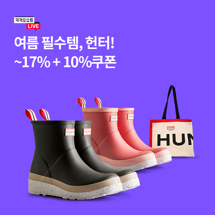 레인부츠 ~17% +쿠폰 문제 : 오늘 카쇼라 X 헌터 라이브에서는 ' 스페클 레인부츠', '오리지날 첼시' 등을 최대 17% 할인가에 판매합니다.
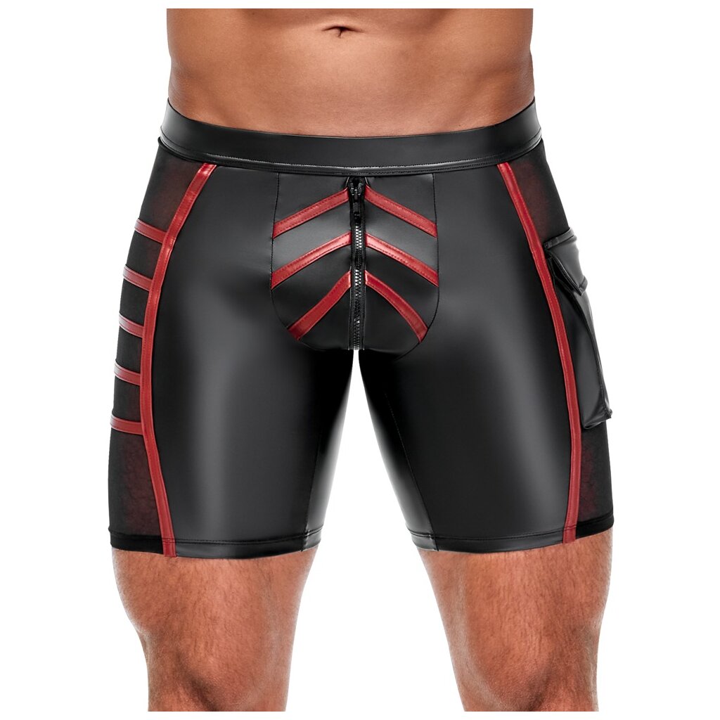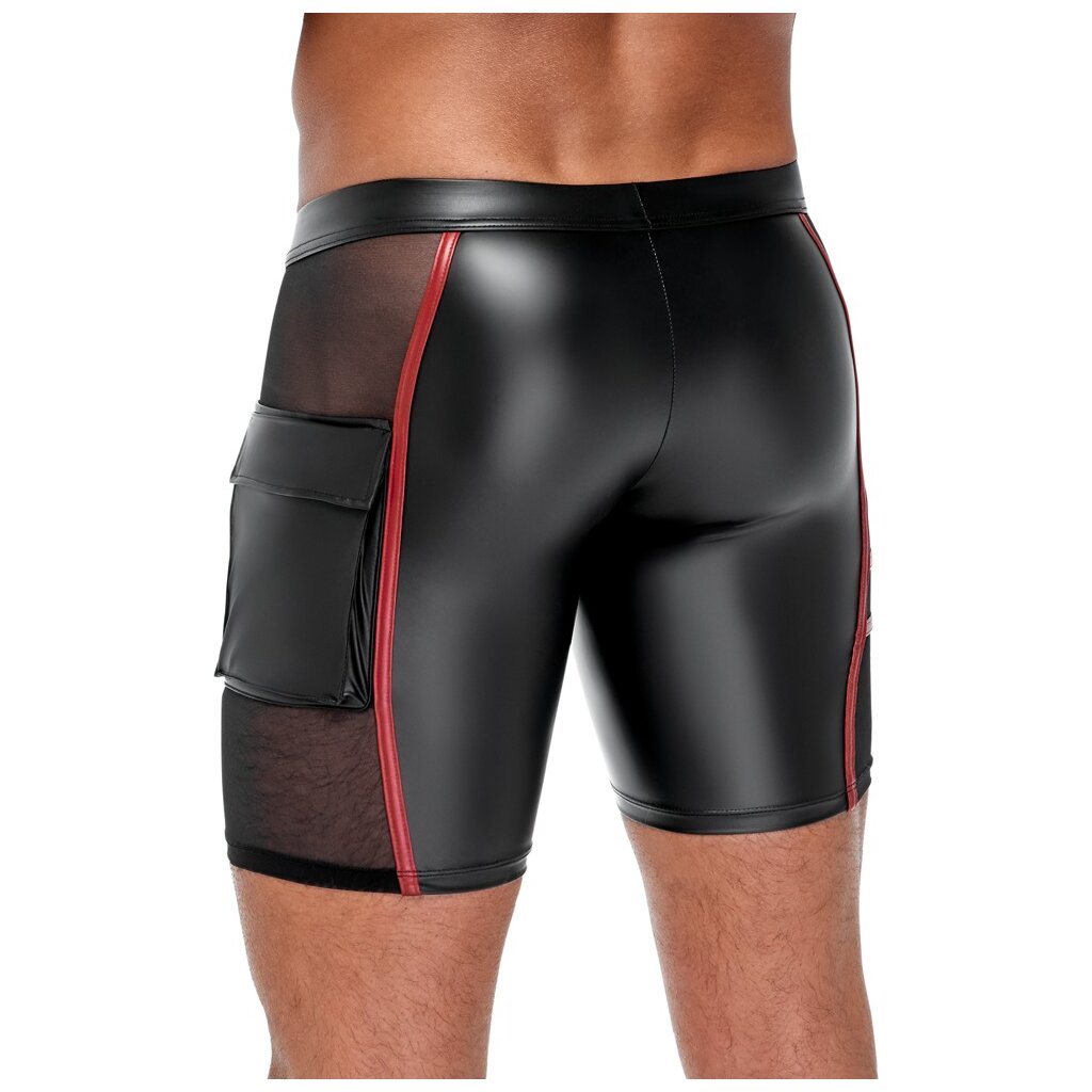 Short moulant de NEK dans un look noir mat avec des rayures rouges contrastées. Insert en filet fin transparent sur chaque côté, poche plaquée à rabat sur la jambe gauche. Pochette avec fermeture à glissière doublée à ouvrir. Doux, élastique et avec un élastique à la taille recouvert pour un confort maximal. Taille L / Composition : 90% polyester, 10% élasthanne ; filet 90% polyamide, 10% élasthanne
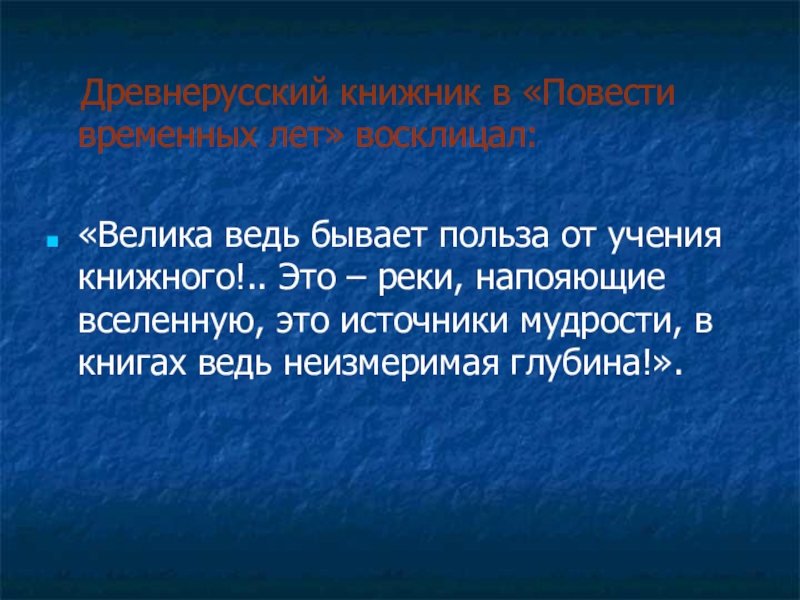 Слайд 2 Древнерусский книжник в «Повести временных лет» восклицал:
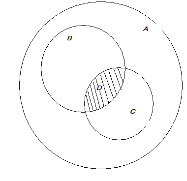 Множество В частично перекрывается множеством С, поскольку есть натуральные числа, которые делятся и на 4 и на 5. именно эта область составляет множество D (С=В).
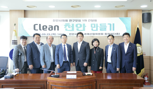 [Ytv영상스토리] 천안시의회 ‘Clean 천안 만들기 연구모임, 이종담, 육종영, 이종만, 노종관, 장혁, 이상구, 유수희)’은 29일 경제산업위원회 회의실에서 1차 간담회를 개최했다.
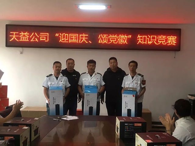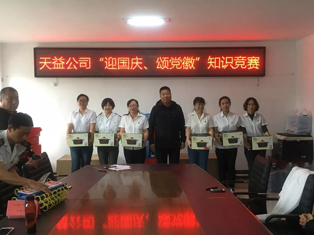 近日,天益公司黨委在公司會議室舉行“迎國慶、頌黨徽”黨建知識競賽活動,來自公司所屬11個黨支部,共33人參加競賽;公司黨委副書記、紀委書記趙立東、副經(jīng)理丁峰同志、基層各黨支部書一同參加了本次比賽。
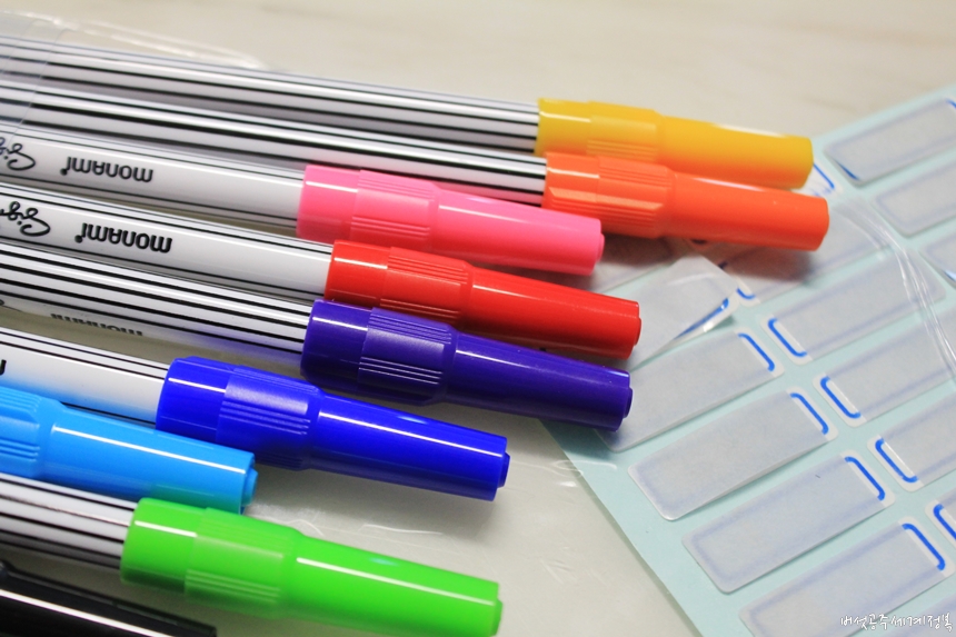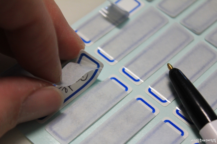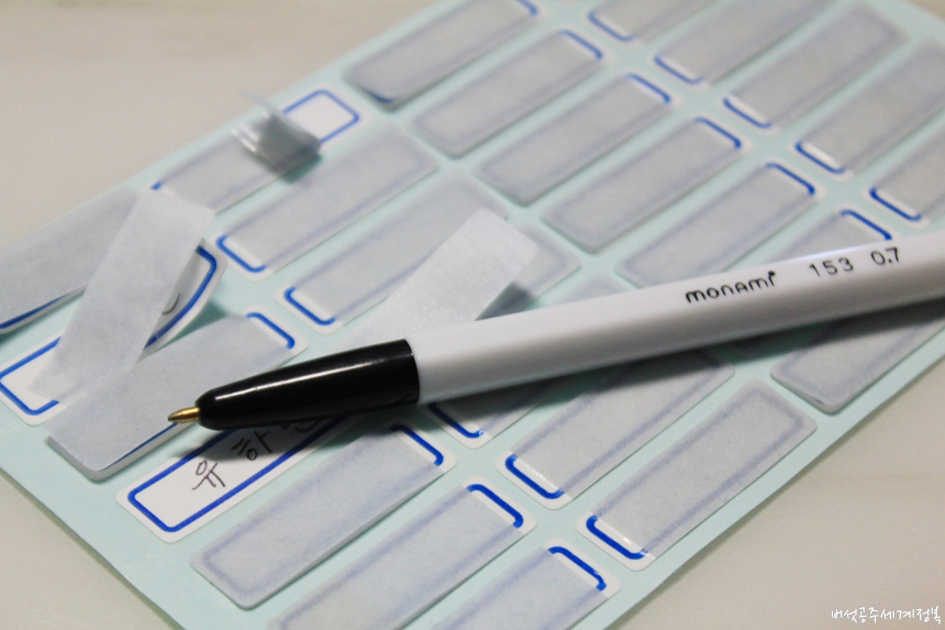 전 올드한 스타일, 아날로그 스타일을 워낙 좋아하는지라 ㅎㅎㅎ 그저 문구점에서 파는 견출지에 썼어요. 어렸을 적, 어머니, 아버지가 신학기마다 이름을 예쁘게 써서 제 물건에 붙여 주셨었는데 그 기억이 성인이 된 지금까지도 너무 좋게 남아 있답니다.
---*---
Task directions →
What you write should match, word for word, the lines from the one containing "[Ytv영상스토리] 천안시의회 ‘Clean" to the end of the listing, with both ends kept and the pictures left out.

Output →
 [Ytv영상스토리] 천안시의회 ‘Clean 천안 만들기 연구모임, 이종담, 육종영, 이종만, 노종관, 장혁, 이상구, 유수희)’은 29일 경제산업위원회 회의실에서 1차 간담회를 개최했다.
 近日,天益公司黨委在公司會議室舉行“迎國慶、頌黨徽”黨建知識競賽活動,來自公司所屬11個黨支部,共33人參加競賽;公司黨委副書記、紀委書記趙立東、副經(jīng)理丁峰同志、基層各黨支部書一同參加了本次比賽。
 전 올드한 스타일, 아날로그 스타일을 워낙 좋아하는지라 ㅎㅎㅎ 그저 문구점에서 파는 견출지에 썼어요. 어렸을 적, 어머니, 아버지가 신학기마다 이름을 예쁘게 써서 제 물건에 붙여 주셨었는데 그 기억이 성인이 된 지금까지도 너무 좋게 남아 있답니다.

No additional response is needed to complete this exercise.